The second anniversary of the approval of ISO/IEC 29500 (aka OOXML) is upon us. The initial version of OOXML (Ecma 376 1st Edition) was rejected by ISO and IEC members in September 2007, and it was only after extensive revisions and a bitter standards war in the following months that a revised format was finally approved on April 2, 2008.

The key breakthrough of the revision process was the splitting of the specification into two variant versions, called “Strict” and “Transitional”. The National Bodies confined all the technologies they found unacceptable to the Transitional format and dictated text to be included in the standard intended to prohibit its further use:

“The intent […] is to enable a transitional period during which existing binary documents being migrated to DIS 29500 can make use of legacy features to preserve their fidelity, while noting that new documents should not use them. […]

This annex is normative for the current edition of the Standard, but not guaranteed to be part of the Standard in future revisions. The intent is to enable the future DIS 29500 maintenance group to choose, at a later date, to remove this set of features from a revised version of DIS 29500.”

I was convinced at the time, and remain convinced today, that the division of OOXML into Strict and Transitional variants was the innovation which allowed the Standard to pass. Enough National Bodies could then vote in good conscience for OOXML knowing that their preferred, Strict, variant would be under their control into the future while the Transitional variant (which – remember – they had effectively rejected in 2007) would remain purely for the purpose of accurately specifying old documents: a useful aim in itself.

Promises and reality

Just before the final votes were counted, Microsoft made some commitments. Mr Chris Capossela (Senior VP, Microsoft Office) wrote an open letter promising what would happen if the Standard passed. Two years on, we can fill out a report card for a couple of these promises and determine how well Microsoft is doing …

Microsoft's promise on standards support in products


“We've listened to the global community and learned a lot, and we are committed to supporting the Open XML specification that is approved by ISO/IEC in our products.”

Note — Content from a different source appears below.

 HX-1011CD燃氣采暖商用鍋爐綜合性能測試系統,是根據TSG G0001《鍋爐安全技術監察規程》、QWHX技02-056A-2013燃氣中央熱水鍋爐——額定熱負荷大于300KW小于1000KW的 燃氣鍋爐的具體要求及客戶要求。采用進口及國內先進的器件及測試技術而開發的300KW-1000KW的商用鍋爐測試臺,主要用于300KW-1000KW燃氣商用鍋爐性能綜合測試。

On this count Microsoft seems set for failure. In its pre-release form Office™ 2010 supports not the approved Strict variant of OOXML, but the very format the global community rejected in September 2007, and subsequently marked as not for use in new documents – the Transitional variant. Microsoft are behaving as if the JTC 1 standardisation process never happened, and using technologies (like VML) in a new product which even the text of the Standard itself describes as “deprecated” and “included […] for legacy reasons only” (see ISO/IEC 29500-1:2008, clause M.5.1).

Knowledgeable experts present at the Ballot Resolution Meeting, knowing what Microsoft planned, have publicly repeated the International consensus position in alarm. XML Standards guru Rick Jelliffe (an Australian delegate at the meeting) wrote:

“If [Microsoft’s] default format is OOXML Transitional, then they have abandoned support for an Open Standards process: OOXML was only made a standard because of the changes that were made at the BRM. The original ECMA version of OOXML (which is the basis of Transitional) was soundly rejected, let no-one forget.”

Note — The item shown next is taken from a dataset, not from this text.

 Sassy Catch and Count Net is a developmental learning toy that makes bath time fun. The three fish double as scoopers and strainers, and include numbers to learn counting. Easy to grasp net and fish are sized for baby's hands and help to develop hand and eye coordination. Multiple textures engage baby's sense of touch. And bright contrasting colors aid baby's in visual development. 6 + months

And Danish expert and BRM delegate Jesper Lund Stocholm, running an analysis of Office 2010 files wrote:

“It has been the fear of many that Microsoft will never, ever care at all about the strict conformance clause of ISO/IEC 29500, and my tests clearly [are] a sign that they were right.”

Microsoft, however, takes a different view to the independent experts. Their representatives will argue (with some justification) that terms like “legacy”, “deprecated”, and “new document” are tricky to define, but then this argument extends to the bizarre assertion that the Strict variant need never be supported. I believe, however, countries expect a more reasonable, plain-dealing approach to their clearly expressed intent – not this kind of wheedling sophistry. Mr Capossela writes that Microsoft has “learned a lot”; but on the evidence before us now, this was wishful thinking.

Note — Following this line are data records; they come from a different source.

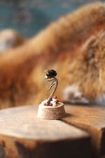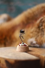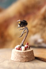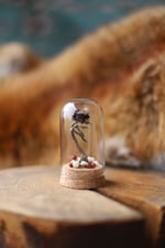 Campana di vetro con all'interno una zampa di merlo essiccata e un vero bombo (Bombus Latreille) -ritrovamenti in natura-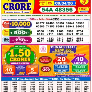 • RESULT DEAR 50 CHIEF THURSDAY WEEKLY LOTTERY 09.04.2026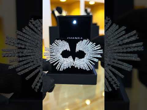Omnia Lujain Radiant Fan-Design Hoop Earrings with High-Quality Zircon Stones in Rhodium-Plated Finish

Microsoft's promise on standards maintenance


“We are committed to the healthy maintenance of the standard once ratification takes place so that it will continue to be useful and relevant to the rapidly growing number of implementers and users around the world.”

It all started so well – defect reports came in from many national bodies and (via Ecma) from Microsoft themselves. A number of useful improvements were made to the text correcting obvious defects, and (in the Transitional variant) fixing some of the evident mismatches between what the Standard said, and what legacy documents actually contained.

But as time has gone on, the situation has deteriorated. At the recent Stockholm meetings corrections agreed at the February 2007 Ballot Resolution Meeting were still being implemented, and while fixes which were evidently required for Office 2010’s headline conformance behaviour have been given the red carpet treatment, some other reports from National Bodies have been left to languish. Unusually, in Stockholm one of SC 34’s working groups (WG 2) recommended to the plenary that the OOXML maintenance group (WG 4) be reminded to answer overdue defect reports – in the ISO world that counts as a diplomatic incident!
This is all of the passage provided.